Last but not least, there’s the scaling problem. In theory, it’s obvious that we should only use what we really need, but you don’t want your service to break when there’s a spike in traffic. If you’d like to be especially efficient, you’ll want your infrastructure to scale automatically, based on demand. But, if you’ve had this problem before, you’ll know that’s easier said than done.
The spot instance problem was the first thing we wanted to solve. We wanted to make sure that we could safely run a cluster of VMs in an Auto Scaling Group without worrying about spot instance termination. There are some well known companies at work on similar projects, but these are closed-source alternatives and as a 100% open source company we didn’t want to use them. Additionally, it’s necessary to give these companies permission to access a large part of your AWS account for their managed services to work, and we didn’t want to do that either. We are using Auto Scaling Groups in some of our other projects like Pipeline, and we wanted to continue using them routinely, instead of using, for example, Spotinst’s Elastigroup or Amazon’s Spot Fleet in each of our clusters. In order to use those groups we need to rewrite these projects and introduce a hard dependency, if only because we want to save some money on AWS.
One project we explored and experimented with was Autospotting. It’s a very promising, small project that meets almost all of our needs in regards to spot instances, and also gave us a few ideas. But we wanted to do things a little differently and, later, we realized that the use of spot instances wasn’t the only problem we had that we wanted to handle in a fundementally similar way. It became clear that a more general approach was called for.
So we’re not the first company that’s become interested in solving these problems, but it’s difficult to find an overarching solution to cost optimization in the cloud. And it’s even harder to find something that’s open source and fits neatly into a cloud native environment. We’re throwing our hat into the ring with a new project, Hollowtrees, that’s been designed to tackle these difficult challenges. Our project will be open source, cloud native friendly, and pluggable, so anyone in the community can easily extend it to suit their needs.

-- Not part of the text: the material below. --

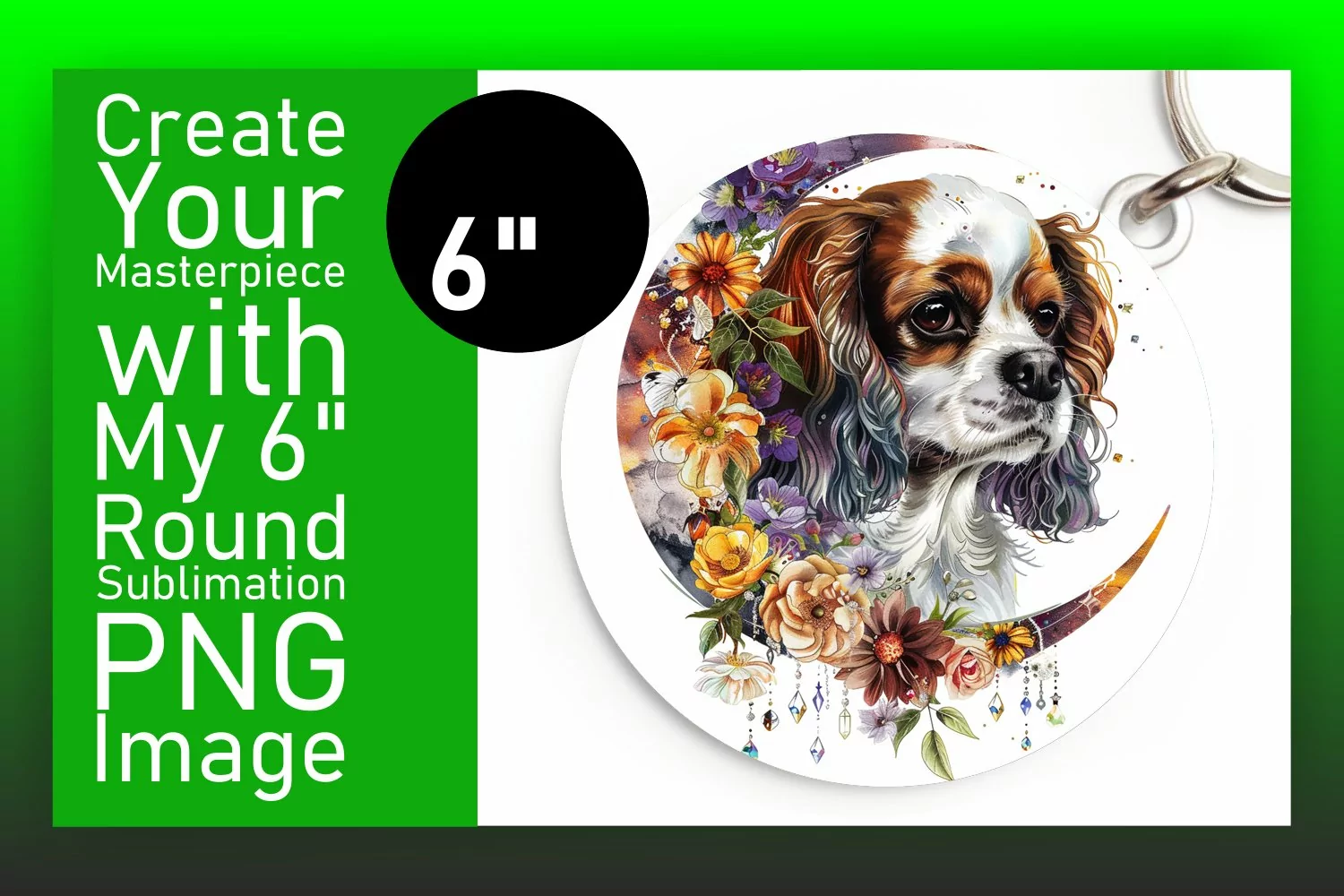 Round Ornaments Watercolor Dog Sublimation Design Sublimation Printing Flower Sublimation Car Coaster Dog Sublimation Design Keychain Sublimation Keychain Sublimation Design Dog Breeds Png
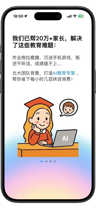 - 全天候AI教育顾问:孩子闹脾气、不听话、抵触写作业?AI顾问实时在线,给出专业解决办法。费用仅为线下咨询的百分之一,成效已获20万家庭认可。

Hollowtrees is based on a ruleset controlled alert-react model wherein alert plugins notify the Hollowtrees engine if something seems wrong on the cloud provider or on a monitoring system (like Prometheus). React plugins automatically intervene by taking direct action on the cloud provider or in Kubernetes. This is the result of plugins with a complete understanding of Kubernetes building blocks that are simultaneously aware of Pipeline’s spotguides. We’ll go into the details of this architecture and its plugins in upcoming blogposts over the next few weeks.